To illuastrate this, we consider three tables which are relational through ids.
select * from movies
movie_id | title |
1 | Avengers |
2 | Frozen 2 |
3 | Joker |
select * from userss
user_id | name |
1 | Daniel |
2 | Monica |
3 | Maria |
4 | James |
select * from movierating
movie_id | user_id | rating | created_at |
1 | 1 | 3 | 2020-01-12 |
1 | 2 | 4 | 2020-02-11 |
1 | 3 | 2 | 2020-02-12 |
1 | 4 | 1 | 2020-01-01 |
2 | 1 | 5 | 2020-02-17 |
2 | 2 | 2 | 2020-02-01 |
2 | 3 | 2 | 2020-03-01 |
3 | 1 | 3 | 2020-02-22 |
3 | 2 | 4 | 2020-02-25 |
first we join
three tables (search online for all kinds of join
methods!)
select * from movierating left join userss using (user_id) left join movies using (movie_id)
movie_id | user_id | rating | created_at | name | title |
1 | 1 | 3 | 2020-01-12 | Daniel | Avengers |
1 | 2 | 4 | 2020-02-11 | Monica | Avengers |
1 | 3 | 2 | 2020-02-12 | Maria | Avengers |
1 | 4 | 1 | 2020-01-01 | James | Avengers |
2 | 1 | 5 | 2020-02-17 | Daniel | Frozen 2 |
2 | 2 | 2 | 2020-02-01 | Monica | Frozen 2 |
2 | 3 | 2 | 2020-03-01 | Maria | Frozen 2 |
3 | 1 | 3 | 2020-02-22 | Daniel | Joker |
3 | 2 | 4 | 2020-02-25 | Monica | Joker |
now we define t
as the result of joining with CTE, then find the person’s name who watched the largest number of movies, in case of a tie, choose the name that is lexicographical smaller (i.e. appears first in English dictionary).
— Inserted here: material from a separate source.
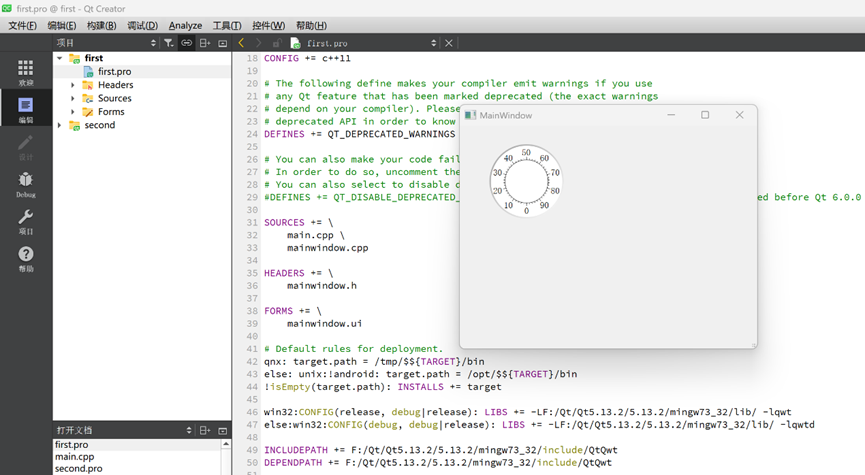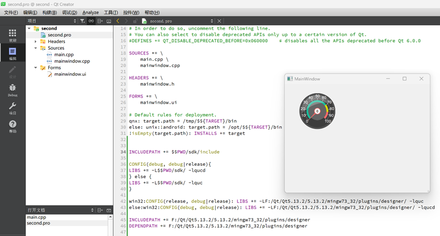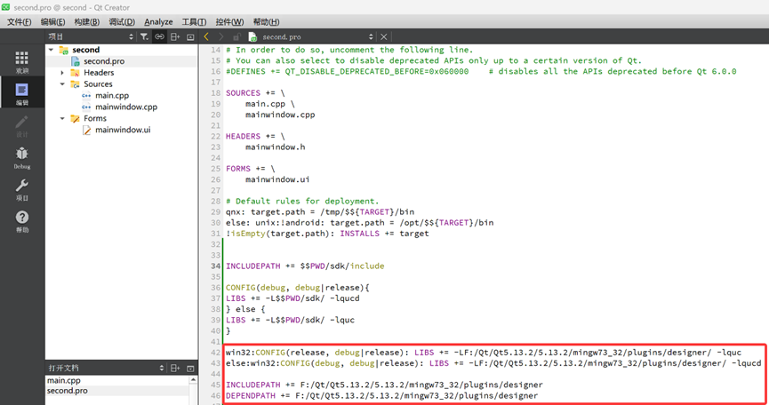 5. 添加完成库之后,second.pro文件里面会出现一些新的配置代码(注意:这些新添加的代码去掉也能实现相应功能,第34-40行代码已经进行了配置)
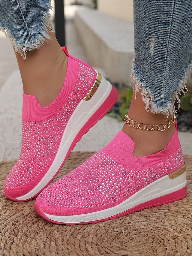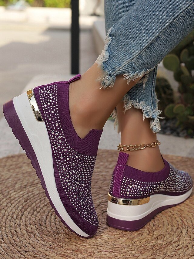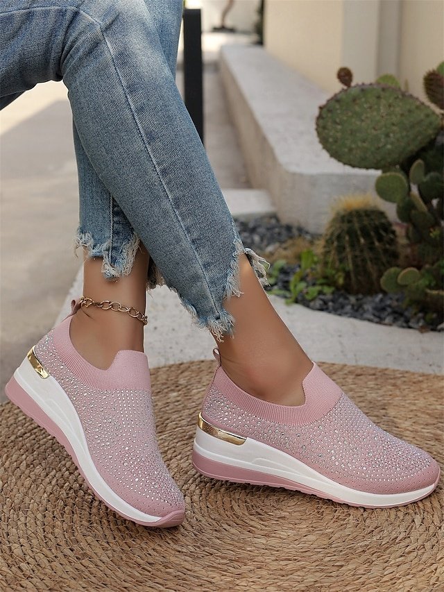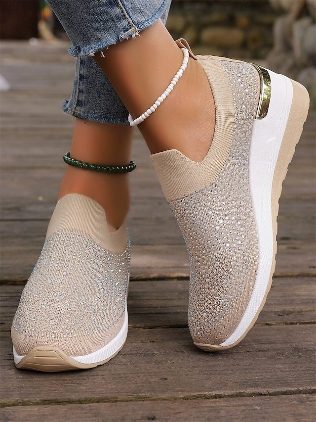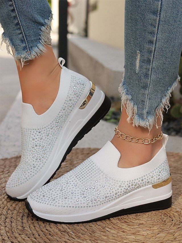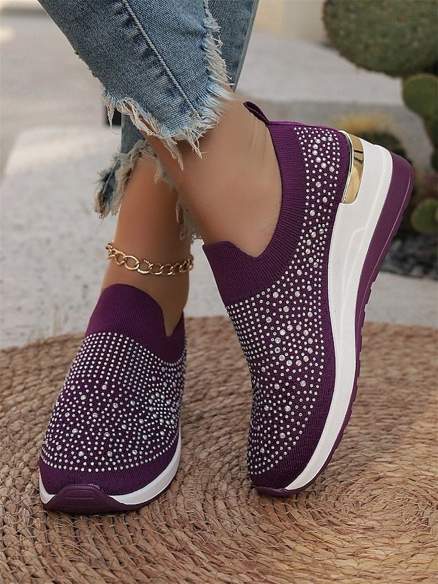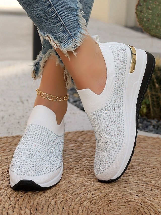 Shop dazzling Rhinestone Black Slip-On Sneakers for ultimate comfort and style. Perfect for casual wear. Lightweight and sparkly fashion.

We would need the counts in order to find the name, this is where a subquery is required.
-- CTE
with t as (
select * from movierating left join userss using (user_id) left join movies using (movie_id)
)
select name as results from (
-- subquery
select name, count(*) cnt from t group by user_id, name order by cnt desc, name
)
limit 1
results |
Daniel |
next steps
writing efficient SQL is a matter of practice. In the sql
directory of this repo, you can find the solution to 50 exercises collected from leetcode. They cover a wide range of problems, including what we’ve covered in this post and date operations, regular expressions… have fun learning SQL!